Teaching kids about science. It’s what I love to do.
I so wanted to write this post last night, but I couldn’t get my thoughts together. I knew I needed to sleep on it and wake up to a new day before writing it down like this.
I got fired yesterday. Well, you could really call it “laid off” but I hate that phrase so effing much because it gives me absolutely zero closure. I would rather have been fired. I wish they would have told me point blank what kind of problem they have with me instead of just saying, “your position has been eliminated.” Give me a break.
I tried to keep my job, which I love so much despite the drama and the politics. I asked why. I begged for another reason. I reminded them of the hard work I have done and asked “does any of that matter?” Their response: “That was your job. It was expected of you.” I see where your loyalty lies.
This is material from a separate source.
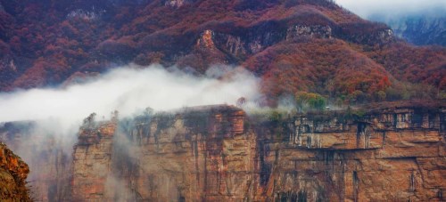 新乡南太行作为森林覆盖率95%的国家森林公园,漫山的植被,在秋风之下,渐渐的上色,由黄至红,最后如蝴蝶般盘旋落下枝头,构成当下最美的画卷。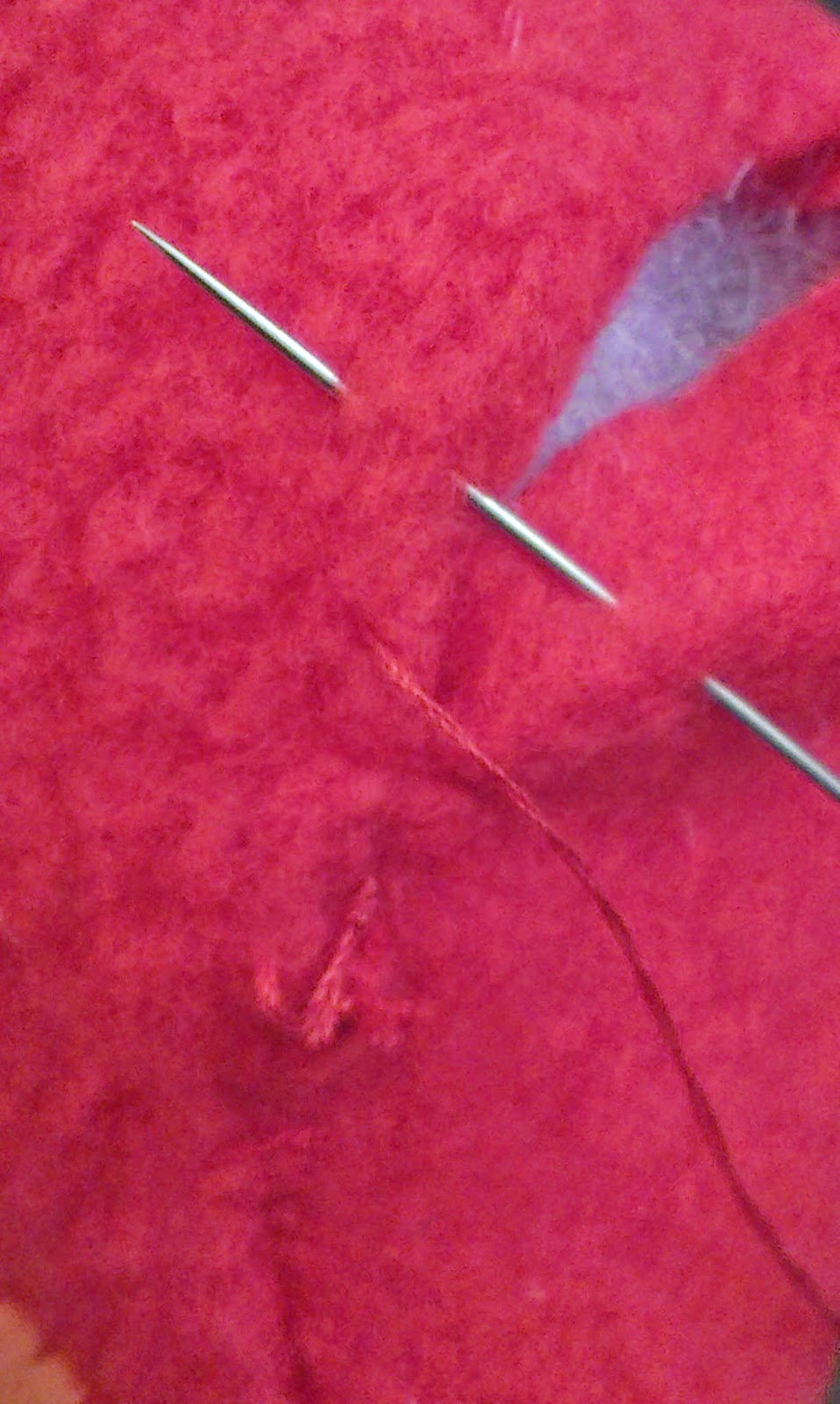 As I have mentioned before, in my towel hoodie tutorial, with large projects I prefer to roll up the project for easier maneuvering. Then I feed the project into the sewing machine slowly, with my right hand guiding the un-sewed portion in front of the sewing machine, and my left hand guiding the already-sewed portion from behind the machine. I sew slowly, and adjust the fabric very couple inches. In this way, the weight of the project does not pull my stitches all over the place.

My dear husband, friends and family are supporting me. They are there for me, for which I am so so grateful. But it was my mother-in-law who said just the right thing: “Could this be a blessing in disguise?” I couldn’t believe she said that at first. I was shocked. I wanted someone to say “They suck! How could they do that to you?!?!” But eventually, after the texts and the phone calls and the facebook messages, I realized that “It’s probably a blessing in disguise” became my go-to phrase. Those words are my salvation right now, because they are 100% true. And here’s why…
1. Stress. The place was killing me on the inside, turning me into a pessimistic bitch and a very unpleasant person to work with. That is NOT me. I am supposed to be friendly, warm and always in search of the proverbial bright side. Taking those characteristics away from me and turning my heart inside out only caused unnecessary stress, which I do not need in my life. Not now. Not ever.
2. My Job is Not My Life. Goodness. This is something I had to start reminding myself of every single day. While it is true (and witnessed by others to be so) that my attitude towards my job is expressed in my everyday life, it is also true that I take work too personally, and I take it home with me where it just doesn’t belong. I let it completely take over my life, which is why this whole getting fired thing is taking such a toll on me now.
But even after all of this, I still have a special place in my heart for the company and the wonderful people that work there. I wrote them an email last night. It explains why I can still appreciate that place, even now.
I just want you all to know what a pleasure it was to work with you.
We all have our reasons for loving and hating the [that place], and no matter how hard it may have seemed sometimes, [that place] and all of you will always hold a special place in my heart.
Its where I realized what I’m meant to do with my life. Its where I rediscovered my love for science education. Its where I learned how to use an excel spreadsheet (cause let’s face it, that’s some difficult stuff right there). Its where I met all of you.
So I just wanted to send an email to let you know that each and everyone of you is appreciated, no matter what anyone else says. You work hard day in and day out so that children and adults all over the Gulf Coast region can learn and hopefully go on to make a difference in this world. Don’t forget that what you are doing does make a difference. You matter.
Now if you’ll excuse me, there’s a 12-pack waiting on me and I intend to destroy it. (Totally kidding….or am I?)
P.S. Ya’ll treat those camps like their your babies. Cause they were mine – the camps, the kids…everything about it.
P.P.S. Please don’t forget about the Parkway Branch Library’s “What’s Up Wednesday” outreach program. Those kids are awesome and they are expecting to enjoy our Aussie programming on December 14. Don’t let them down.